On March 11, 2020, the World Health Organization officially declared COVID-19 a global pandemic.
Since that day, humanity has experienced successive, derivative rates of change that have profoundly impacted our beliefs and behaviors. First, the rate of change accelerated us to a point where keeping pace became tiring. Next, it jerked us to a point where progressive fits and starts became exhausting. Then it snapped us to a point where making sense of it all became maddening.
COVID-19 has pushed humanity into the liminal space between “what was” and “what will be,” where these successive derivative rates of change have had a profound impact on our collective psyche as a species. Like soldiers in the chaos of a battlefield, we find ourselves lost in a mental fog—no longer clear on what we should believe or how we should behave.
In times of profound societal confusion and delusion, leadership has always emerged to light the transformational path toward a better and brighter future. On March 12, 1930, Mahatma Gandhi took the first step in a 240-mile Salt March that ultimately freed his country from British Rule. On December 1, 1955, Rosa Parks refused to give up her seat to a white man on a bus in Montgomery, AL, sparking the Civil Rights movement in the United States. On January 21, 1961, John F. Kennedy inspired a nation and sent a message of peace to the world when he declared, “My fellow citizens of the world: Ask not what America will do for you, but what together what we can do for the freedom of man.”

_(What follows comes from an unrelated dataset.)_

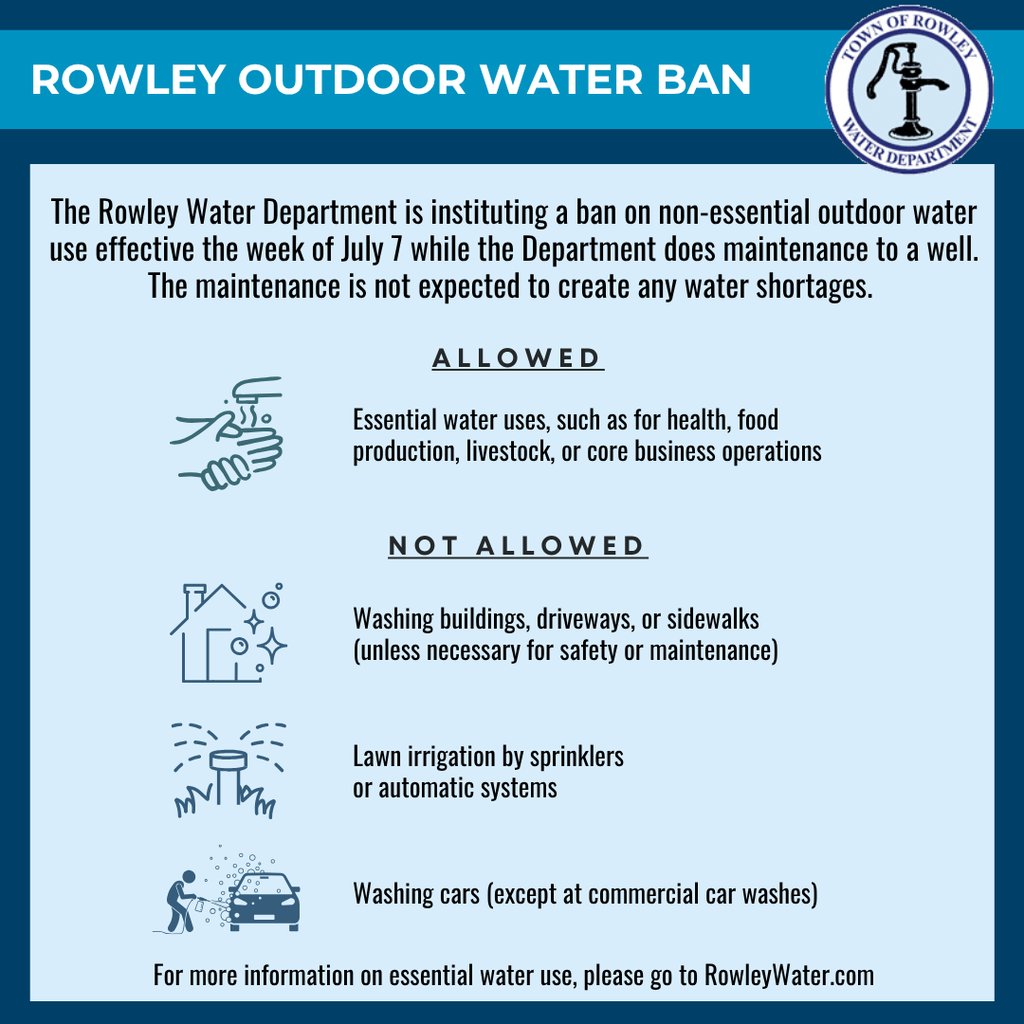ROWLEY – The Rowley Water Department is issuing a ban on all non-essential outdoor water use during the week of July 7.

EMPHASIZING THE EMOTIONAL SIDE OF CHANGE
Transformative leaders such as Gandhi, Parks, and Kennedy understood that people do not resist change, they resist being changed. They learned that successful transformation requires an empathetic, people-centered approach to change that nurtures a culture of aspiration, alignment, autonomy, and accountability. They realized that most transformative efforts fail because leadership overemphasizes the tangible side of change and underemphasizes the emotional one. After all, on August 18, 1963, on the steps of the Lincoln Memorial, Martin Luther King Jr. did not say, “I have a plan.” Instead, he shared a dream that transformed a nation.
Change only happens by identifying the beliefs and behaviors you want to transform and then creating the structures, processes, and governance mechanisms required to support those new beliefs and behaviors—not the other way around.

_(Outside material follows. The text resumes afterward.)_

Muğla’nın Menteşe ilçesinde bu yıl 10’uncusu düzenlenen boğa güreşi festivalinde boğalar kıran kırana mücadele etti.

PEOPLE-CENTERED TRANSFORMATION (PCT) FRAMEWORK
Putting people first by activating a people-centered transformation approach can make organizational dreams real. The People-Centered Transformation (PCT) framework identifies 10 elements leadership must activate to change beliefs and behaviors and cultivate lasting positive change (see Figure 1).
As a leader, are you willing to change your own beliefs and behaviors to cultivate a culture that enables your organization to reach its highest aspiration?
Take the first step on your PCT journey now. Spend five minutes to check your PCT Pulse (download the checklist at: https://trainingmag.com/wp/wp-content/uploads/2022/01/PCT-PULSE.jpeg). Identify the PCT elements that require your attention. Then determine what you must do more, better, and differently as a leader to activate each element. Repeat this process until all 10 elements have been activated.
I wish you “Happy Trails” on your PCT journey!